▸ **What you are asked to do**
Drop every picture, then print the rest of the listing exactly as given.

▸ **Dataset extract**
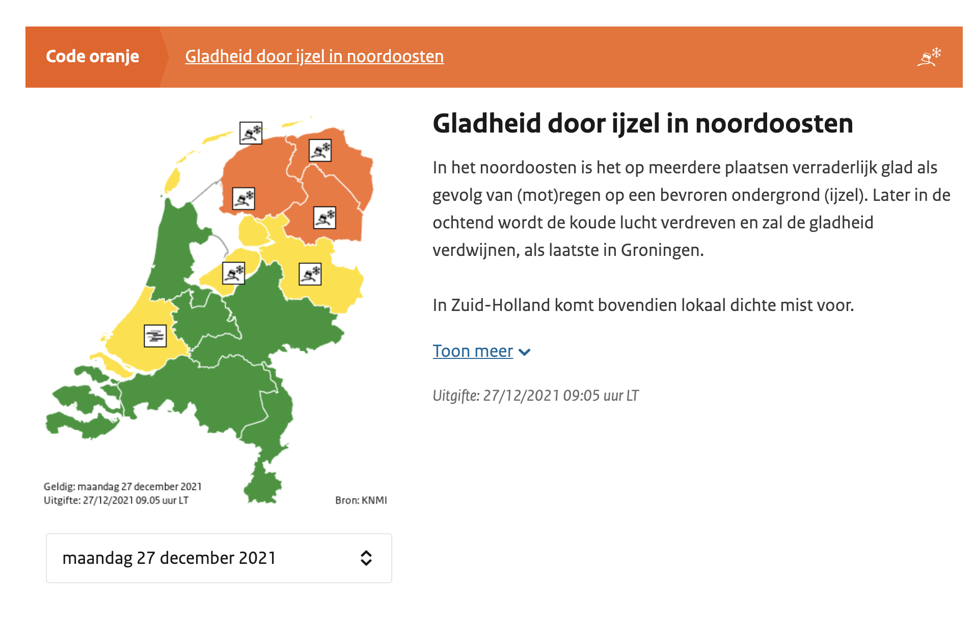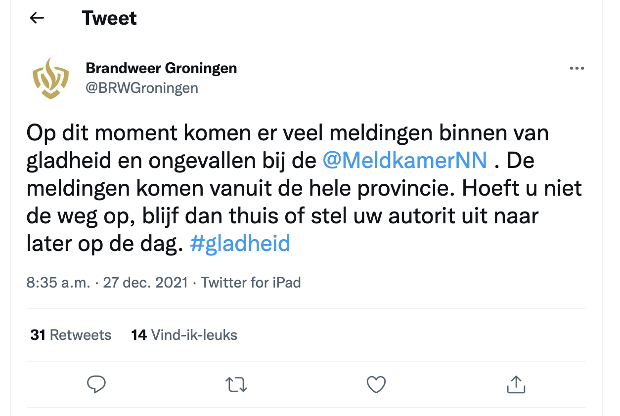 Strooiploegen zijn hard aan het werk om de wegen veilig te houden. In de loop van de dag zal de gladheid minder worden, omdat de temperatuur in de middag oploopt tot een paar graden boven nul. Ook komende nacht ligt de temperatuur boven het vriespunt.
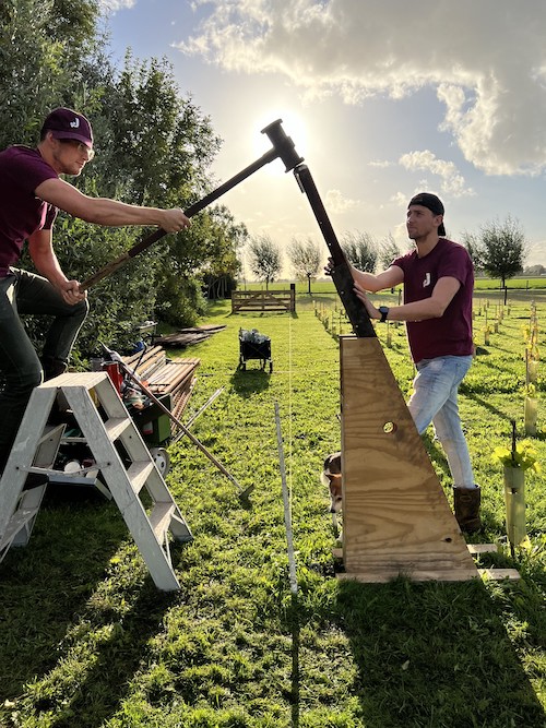 Langzaam gaat het er bij De Jongens uitzien als bij een echte wijngaard, het leidsysteem wordt geplaatst. Stap één is het aanbrengen van de grondankers. Hiervoor is een vochtige grond belangrijk, maar dan nog is het met z’n tweeën een kwartier draaien per anker. Daarna gaan de schuine eindpalen en vervolgens de verticale tussenpalen de grond in. De cortenstalen palen hebben eerst een aantal maanden liggen roesten en kunnen nu dan eindelijk de grond in. Als deze in de loop van volgend jaar rechtop staan, kunnen de draden ertussen worden gespannen.
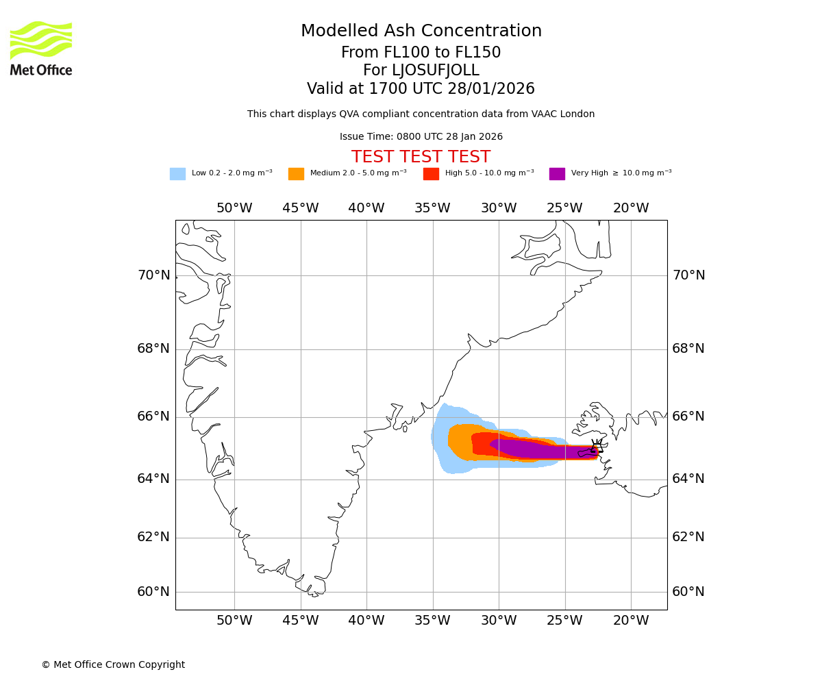 Modelled ash concentration from 100 to 150 for LJOSUFJOLL. Valid at 1400 UTC 28/01/2026
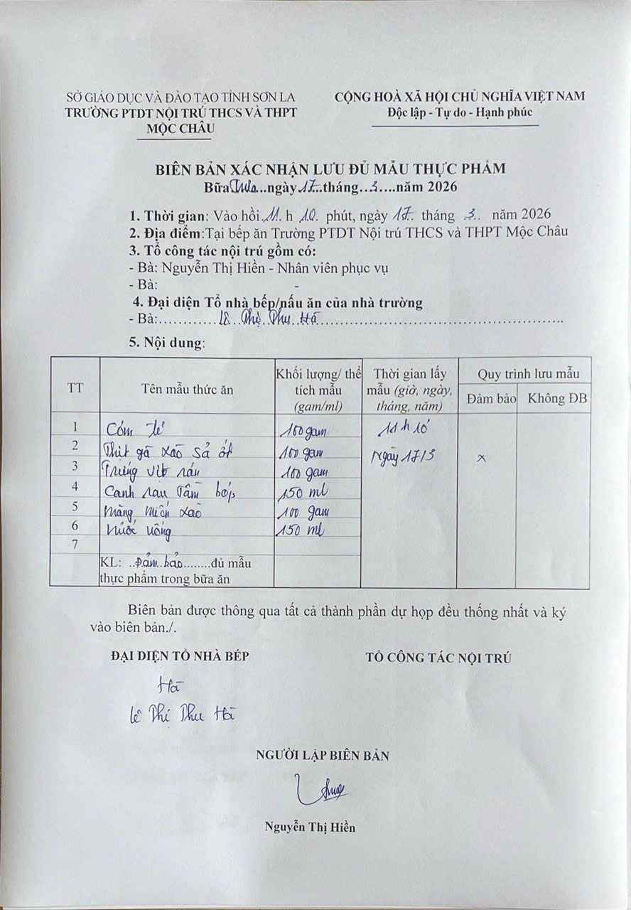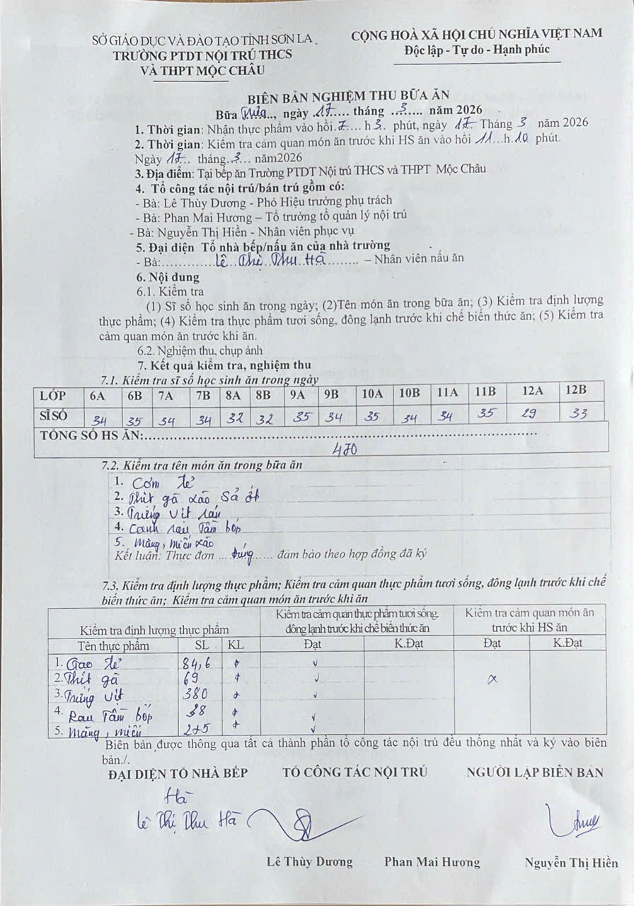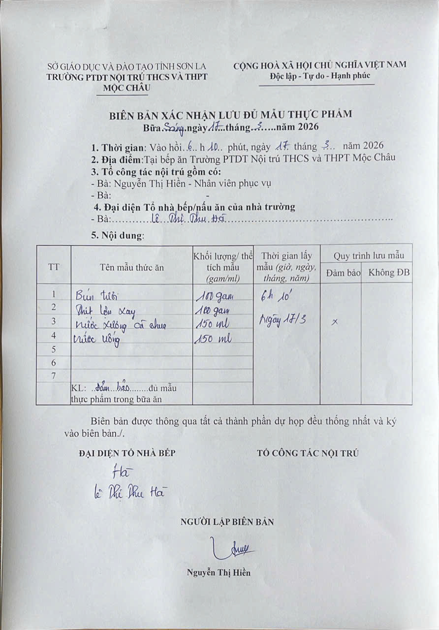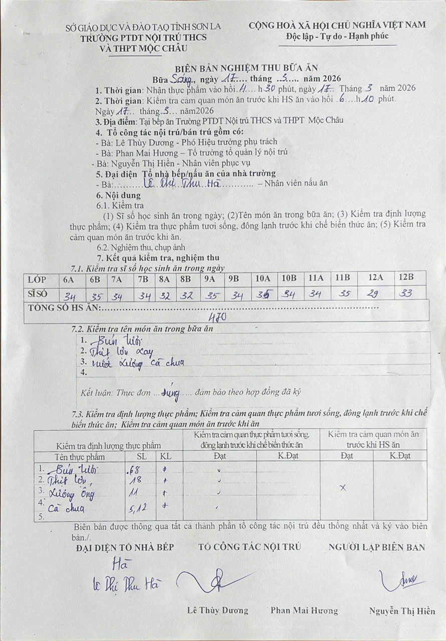 Hình ảnh và biên bản bữa sáng ,trưa ngày 17/3/2026
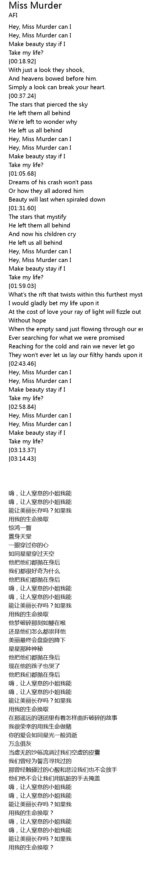 Hey, Miss Murder can I |
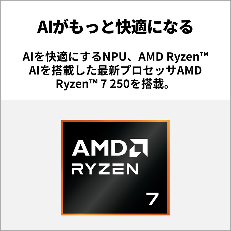 CPU:AMD Ryzen 7 250 プロセッサ 動作周波数:3.3GHz(最大5.1GHz) コア / スレッド数:8コア/ 16スレッド キャッシュメモリ:24MB

▸ **Answer to this task**
 Strooiploegen zijn hard aan het werk om de wegen veilig te houden. In de loop van de dag zal de gladheid minder worden, omdat de temperatuur in de middag oploopt tot een paar graden boven nul. Ook komende nacht ligt de temperatuur boven het vriespunt.
 Langzaam gaat het er bij De Jongens uitzien als bij een echte wijngaard, het leidsysteem wordt geplaatst. Stap één is het aanbrengen van de grondankers. Hiervoor is een vochtige grond belangrijk, maar dan nog is het met z’n tweeën een kwartier draaien per anker. Daarna gaan de schuine eindpalen en vervolgens de verticale tussenpalen de grond in. De cortenstalen palen hebben eerst een aantal maanden liggen roesten en kunnen nu dan eindelijk de grond in. Als deze in de loop van volgend jaar rechtop staan, kunnen de draden ertussen worden gespannen.
 Modelled ash concentration from 100 to 150 for LJOSUFJOLL. Valid at 1400 UTC 28/01/2026
 Hình ảnh và biên bản bữa sáng ,trưa ngày 17/3/2026
 Hey, Miss Murder can I |
 CPU:AMD Ryzen 7 250 プロセッサ 動作周波数:3.3GHz(最大5.1GHz) コア / スレッド数:8コア/ 16スレッド キャッシュメモリ:24MB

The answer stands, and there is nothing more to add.